The principle we apply across every significant partnership is that the Abu Dhabi Government controls the data, the governance framework and the conditions of deployment. Technology partners provide capability within that. 

The Frontier Employee Programme is built on that basis: deploying Microsoft 365 Copilot to 35,000 civil servants across 27 government entities, with data remaining within Abu Dhabi's sovereign digital infrastructure. Scale and sovereignty are not in conflict when the architecture is designed with that clarity from the start.

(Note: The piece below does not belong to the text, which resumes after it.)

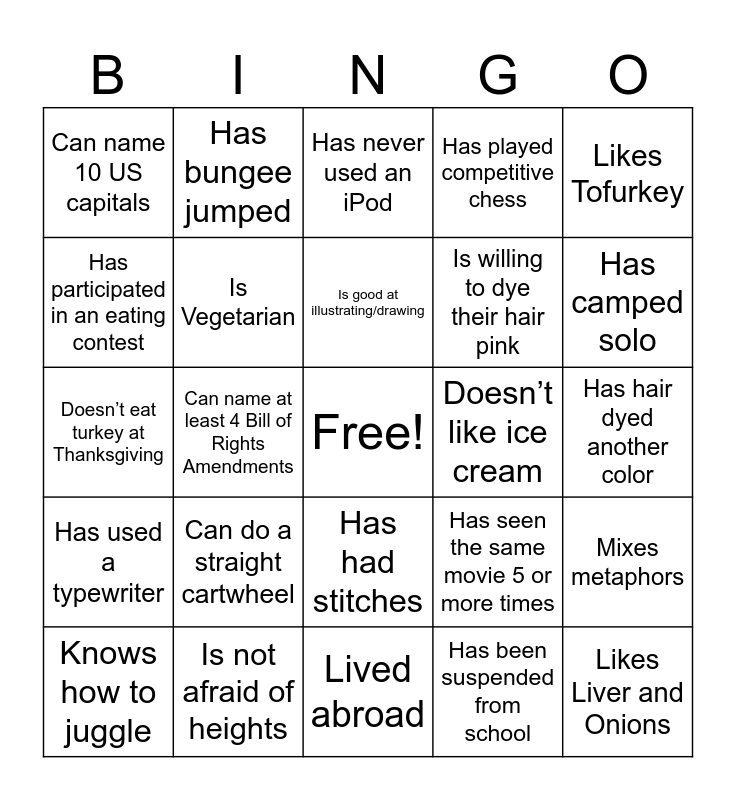 This bingo card has a free space and 142 words: Goes by a nickname, Is a Diet Soda addict, Can’t swim, Can knit or crochet, Has a Justin Beiber song on their play list, Has seen the same movie 5 or more times, Belongs to a Book Club, Still knows their high school song, Can’t ride a bike, Has never seen “Rocky Horror Picture Show”, Has 3 or more siblings, Has friends or family who live in another Continent, Can play 2 or more instruments, Was a camp counselor, Flunked first driving test, Loves road trips, Follows Monopoly rules, Has never stayed overnight in a hospital, Sleeps 5 or less hours per night, Can whistle a tune in key, Is allergic to cats, Mixes metaphors, Can dance the Macarena or Gangum Style, Has never seen Titanic, Is left-handed, Can name at least 4 Bill of Rights Amendments, Has bungee jumped, Hard drive is full of animae, Who can name all the movies in the Star Wars Trilogy?, Rides a motorcycle, Can name all 7 dwarves from Snow White, Has seen a (wild) bear in the woods, Used to breakdance, Has hair dyed another color, Doesn’t have a Facebook account, Had surgery in the last year, Has their childhood Dr. Seuss books, Has visited all 50 states, Is willing to dye their hair pink, Prefers Snowboarding over skiing, Played in a band, Owns a yoga mat (and uses it!), Has had stitches, Was born in the same year, Has used a card catalog at a library, Grew up on a real farm, Has never had a cavity, Likes pineapple on pizza, Has walked across the Golden Gate Bridge, Washes their own car, Has acted in a play, Meditates regularly, Knows how to juggle, Knows how to code, Read more than 20 books this year, Has met their doppleganger, Had a goldfish as a kid, Has met someone famous, Has the same color eyes as yourself, Has been on a blind date, Visited Washington DC, Has been suspended from school, Loves changing up their home wall colors often, Prefers campsites over a hotel, Has been on four or more continents, Has used a typewriter, Has won more than $1k in lottery, Is an early bird on the weekends, Seen a broadway show, Has their name often mispronounced (first or last), Speaks more than two languages, Can name 10 US capitals, Doesn’t eat turkey at Thanksgiving, Has shaken hands with a US President, Knows how to do origami, Has naturally curly hair, Still subscribes to an actual newspaper, Exercised daily, Has played competitive chess, Is crafty, Has been a teacher (of any kind), Has never read a book for fun, Knows how to surf, Has backpacked abroad, Has camped solo, Is a night owl, Doesn’t like ice cream, Loves line dancing, Lived abroad, Flosses twice a day religiously, Can't roll their tongue, Can recite a line from Shakespeare, Has never played Monopoly or Twister, Is not afraid of heights, Reads cookbooks, Is the youngest child, Can’t program electronics, Matches their purse and shoes, Grows herbs, Has been in the military, Has participated in an eating contest, Has never had Starbuck's coffee, Milked a cow, Knows the answer to all the times tables, Is good at illustrating/drawing, Completed an escape room, Has slept on the beach overnight, Has cried in public, Puts ketchup on most of their food, Can do a straight cartwheel, Can speak 3 or more foreign languages, Has visited every state in the U.S, Likes Tofurkey, Likes Liver and Onions, Can name all 50 states, Is Vegetarian, Has never used a rotary phone, Plays the bongos, Plays Bridge, Is a neat freak, Loves coffee houses, Uses big words frequently, Has never received a speeding ticket, Has been in a parade, Likes very spicy food, Never walks under ladders, Cuts their own hair, Sings in a choir, Can or has lasso'd a steer, Can name at least two countries in Africa, Can recite the preamble of the Constitution, Has been on a game show, Has hitchhiked, Kills houseplants, Owns a snake, Has 4 or more TVs at home, Has attended over 5 live concerts, Has never used an iPod, Has played Pokemon, Loves writing in cursive, Has never caught a fish and Gets upset over roadkill.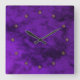Un reloj hermoso con un fondo y un oro púrpuras del terciopelo protagoniza para las horas.

This extends beyond any single partnership. DGE works with a range of technology organisations across different programmes – spanning cloud infrastructure, cybersecurity, AI development and workplace productivity. What we look for in each case is **alignment on the governance model**: that the Abu Dhabi Government retains control of its data, its infrastructure and how AI capabilities are applied within the government. Where those conditions are met, we are open.

The partnership model Abu Dhabi Government has developed is a governed ecosystem, not a closed one. The strength of it, and the reason international partners engage with it, is precisely because the rules are clear and consistently applied.

## **What are the main lessons other countries can learn from your experience of building an AI-native government?**

Every government has a different starting point, so no formula transfers cleanly. But one thing is consistent in our experience: the governance decisions need to be made before deployment, not after it.

By that we mean something specific. **For every AI application that enters the Abu Dhabi Government**, there is an explicit judgement about what it can do on its own and where a human professional must review or decide.

AutoGov completes eligible routine services proactively, but only within conditions and preferences the user has already set, and only for services where that level of automation is appropriate. Across our health services, AI supports physicians with clinical information and risk indicators, but every clinical decision stays with the doctor. **These are active design choices**, made case by case, before anything goes live.

The reason this matters is practical as much as ethical. When the boundaries are explicit, the system earns trust at scale – from people, from employees and from the institutions responsible for outcomes. Governance clarity is an enabler.

Start there, before the technology choices. Decide where the line sits. Build the infrastructure, the capability and the partnerships around that foundation – and the rest follows more reliably than people expect.